8 thoughts on “Software is becoming a media business

  1. Bertil

    The first comment from LinuxGuru that doesn’t make me think: “Wow. And You wonder why the world hates you Americans?” Congrats: you are improving. Not that funny, but better.

    The deal certainly serves your thesis, and I have to agree with your idea—but what about it simply being Ballmer’s dream to make his “small five year-old” (search engine) grow faster by making it stand on the shoulders of a thirteen year-old, and be able to dunk from their [The basketball metaphor is Ballmer’s, from earlier All Things D]? Something he had to wait for the reasonable Semel & Gates to leave before he could green-light it?

    I don’t think scale will be the essential thing with flexible standards and the access to open & large computing power. On the contrary: genius will be anything, because scale will be for sale. As you put it in your book, it should happen the same way as it did in the industry: scale & being located near to a river used to be essential; thanks to central power-plants, having the better qualified workers became the key element (and scale was important in power-production facilities, who became sovereign assets).

    And that is my last, and key point: however obvious the tech crowd thinks this is, the Competition authorities will love to look into it, and only green-light what is an aggressive oligopoly—and in five years time, we’ll have to decide whether we want private or public handful of utilities controlling our lives.

  2. dvs0416

    I think you have it mostly right, but incomplete. Firstly, the movement towards web apps dramatically reduces the marginal cost of adding an additional user from a sales perspective, but at a small scale, it dramatically increases the marginal cost from a marketing perspective. Marketing investments are much more efficient at scale; as a result, scale becomes a critical part of the game of customer acquisition.

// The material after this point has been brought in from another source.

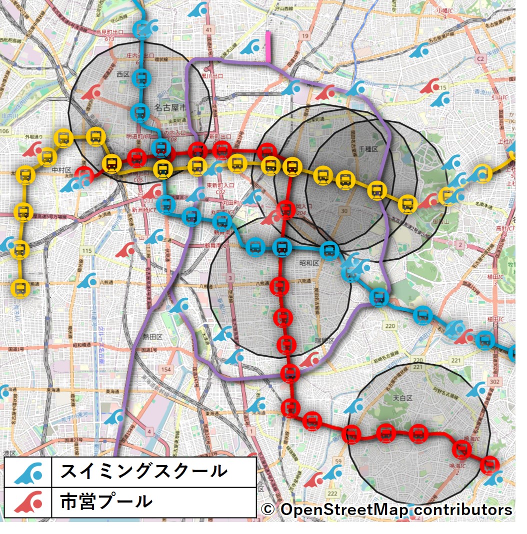 名古屋のスイミングスクールまとめ part2 スイミングスクールと駅・学校の関係まとめ

    The other point I would add is that the marginal cost of running a customer in a web enabled world is relatively low. Low enough that advertising revenues can make these businesses make money, but it won’t end there.

    As Tim O’Reilly has said, there will be an unprecedented amount of value created by aggregating the data sets that are collected by online software. We are seeing it today in the quality of Google’s search results and Facebook’s social graph. Currently, the primary vehicle for monetizing this information is advertising, but that is the thin end of the wedge. As this information becomes more valuable, it can drive the primary value proposition. It is not out of line to think of a CFO getting accounting software for free by subscribing to a benchmarking service to compare his performance against a cross-section of his peers (which is of course based on the data collected by said online accounting system). Or a VP of sales doing the same in a CRM system (ditto on data source). Low operating costs make this possible, and the current advertising bandwagon is the primordial soup from which innovative new software revenue models will emerge.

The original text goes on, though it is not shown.